*** Data block Section Begins ***

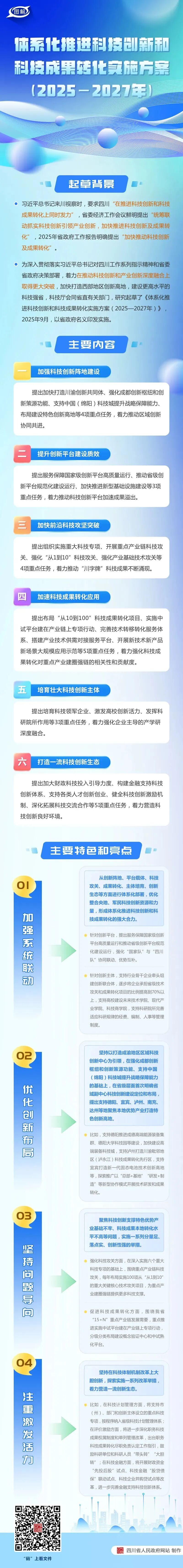 近日,四川省人民政府正式印发《体系化推进科技创新和科技成果转化实施方案(2025—2027年)》(以下简称《方案》),旨在通过一系列重点任务与举措,体系化推进科技创新和科技成果转化,引领支撑重点产业建圈强链,加快培育和发展新质生产力,着力打造西部地区创新高地、建设更高水平科技强省。
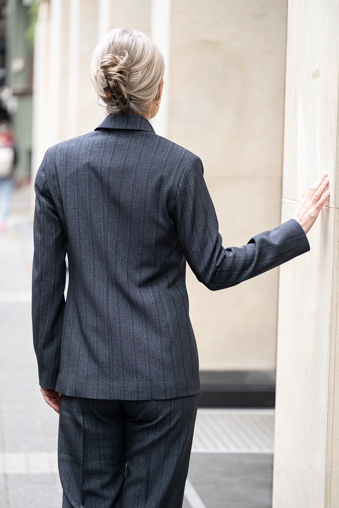 Комбинирани заедно, сакото и панталонът създават висококласен дамски костюм, който излъчва сила, увереност и стил — перфектен избор за деловата жена с усет към детайла.
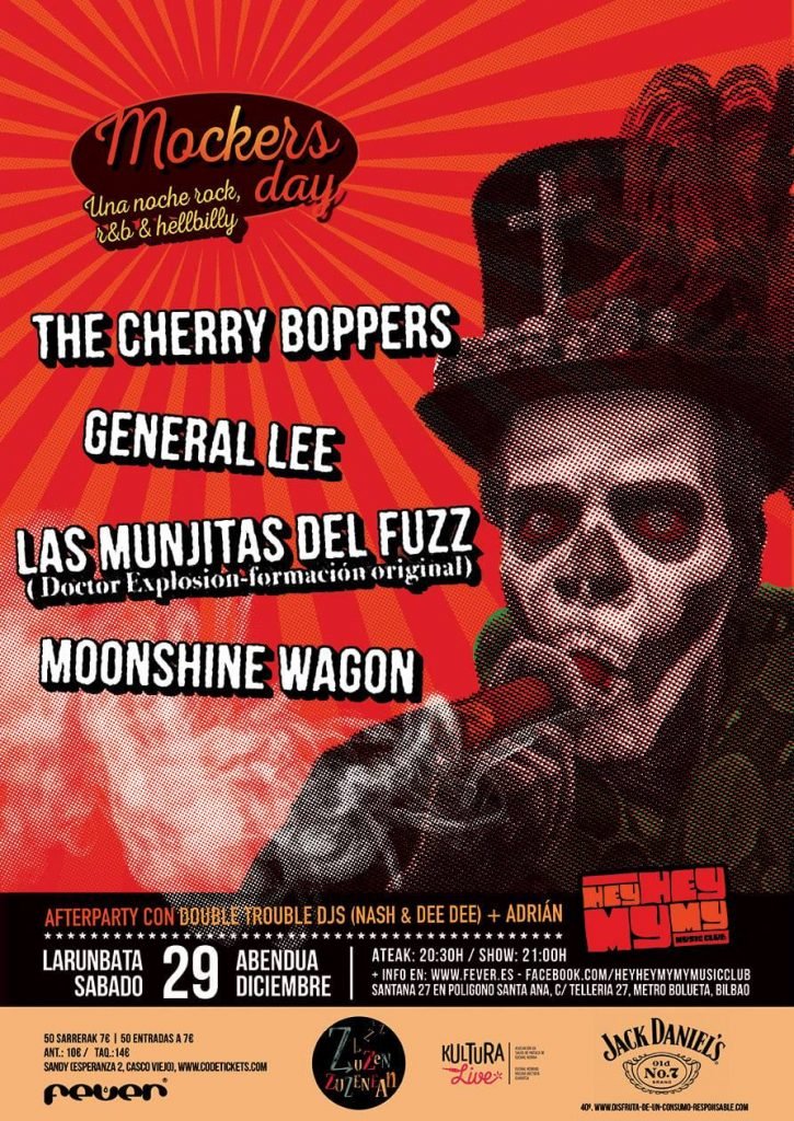 The Cherry Boppers, General Lee, Las Munjitas del Fuzz y Moonshine Wagon actuarán en la sala Fever de Bilbao el sábado 29 de diciembre. Sorteamos tres entradas dobles
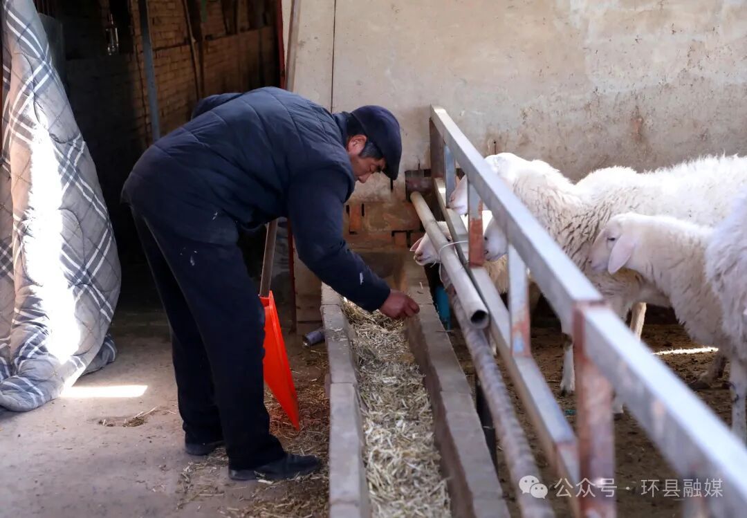 清晨,大樹塬村養(yǎng)殖大戶趙相明緩緩?fù)崎_羊舍的大門,隨著門軸發(fā)出“嘎吱”一聲輕響,他忙碌的一天正式開啟。走進羊舍,一群膘肥體壯的羊兒“咩咩”地叫著,每次推開門,趙相明都會先靜靜站在門口,仔細觀察羊群的整體狀態(tài),隨后挨個查看每只羊的情況,摸摸羊的肚子,看看羊的糞便,以此來了解羊的健康狀態(tài),這是他十幾年來雷打不動的習(xí)慣,正是這份執(zhí)著,讓他成為村里的養(yǎng)羊能手?!梆B(yǎng)羊這事兒,就得上心,多觀察多琢磨,才能把羊養(yǎng)好。我今年出欄近 90 只,年前還準備再交 60 只,這樣算下來,總收入可達十三萬元?!壁w相明笑著說道。

*** Data block Section Ends ***

# [Exercise]
Please print the entire listing again exactly, minus its images.

# [Answer section]
 近日,四川省人民政府正式印发《体系化推进科技创新和科技成果转化实施方案(2025—2027年)》(以下简称《方案》),旨在通过一系列重点任务与举措,体系化推进科技创新和科技成果转化,引领支撑重点产业建圈强链,加快培育和发展新质生产力,着力打造西部地区创新高地、建设更高水平科技强省。
 Комбинирани заедно, сакото и панталонът създават висококласен дамски костюм, който излъчва сила, увереност и стил — перфектен избор за деловата жена с усет към детайла.
 The Cherry Boppers, General Lee, Las Munjitas del Fuzz y Moonshine Wagon actuarán en la sala Fever de Bilbao el sábado 29 de diciembre. Sorteamos tres entradas dobles
 清晨,大樹塬村養(yǎng)殖大戶趙相明緩緩?fù)崎_羊舍的大門,隨著門軸發(fā)出“嘎吱”一聲輕響,他忙碌的一天正式開啟。走進羊舍,一群膘肥體壯的羊兒“咩咩”地叫著,每次推開門,趙相明都會先靜靜站在門口,仔細觀察羊群的整體狀態(tài),隨后挨個查看每只羊的情況,摸摸羊的肚子,看看羊的糞便,以此來了解羊的健康狀態(tài),這是他十幾年來雷打不動的習(xí)慣,正是這份執(zhí)著,讓他成為村里的養(yǎng)羊能手?!梆B(yǎng)羊這事兒,就得上心,多觀察多琢磨,才能把羊養(yǎng)好。我今年出欄近 90 只,年前還準備再交 60 只,這樣算下來,總收入可達十三萬元?!壁w相明笑著說道。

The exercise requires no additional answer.